If that is so, then Jesus' words of judgment-whoever does not love me more than father and mother, son and daughter-become a strange sort of grace…become words that would deliver us from the futility of our seeking salvation from one another, a strategy, he says, that will only end in destruction: parent against child, child against parent. So he uses the hardest words he can-the hyperbole of Middle Eastern speech-to turn us toward the God who alone can save. In effect you could say that he commands us first to be orphans, to let go of the stranglehold we have on one another. Then it is that he invites us to follow him home.

He is the good shepherd who seeks us until we are found; he is the widowed mother who demands justice for us far into the night; he is the patient father who, with open arms, waits for us, watching down the road until we come to ourselves and turn toward home. By his grace alone-by this undeserved, unexpected, unimaginable love toward us-he saves us from ourselves, from our separate ways, from our deaths, from the futility of life without him, and so for a love so deep, so broad, so high that it knows no bounds.

Though he does one more thing! From the height of his cross, wherein the distance we have kept from him is ended, Christ transforms who we are to be, one to another, and sets us in a family that knows no bounds: the family of Christ's church. Says Jesus to Mary, "Woman, behold thy son," and to John, the beloved disciple, "Behold thy mother." He gives us to one another not by blood but by promise, not by law but by grace. As dysfunctional as it is, the earthly family that God in Christ intends for us is, for better and for worse, the church: in the meantime, across blood lines, beyond legal documents, until the Kingdom comes.

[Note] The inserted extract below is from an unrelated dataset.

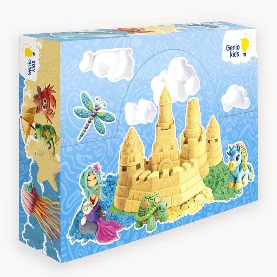 В наборе 3 кг песка, хватит чтобы строить башни, куличи и играть компанией. Коробка является песочницей т контейнером для хранения.

Says Christ to us gathered each Sunday in this sanctuary: behold thy son, thy daughter, behold thy mother, thy father, behold thy brother, thy sister. His love stretches our love to the limits. His love holds fast our love toward the ones chosen of God to be by our side. His love binds us by grace and gratitude, rather than emptiness and need (though most days in the church you could fool me), and sends us out to a world full of orphans with news: that, in Jesus Christ, the time has come to head toward home! Thanks be to God!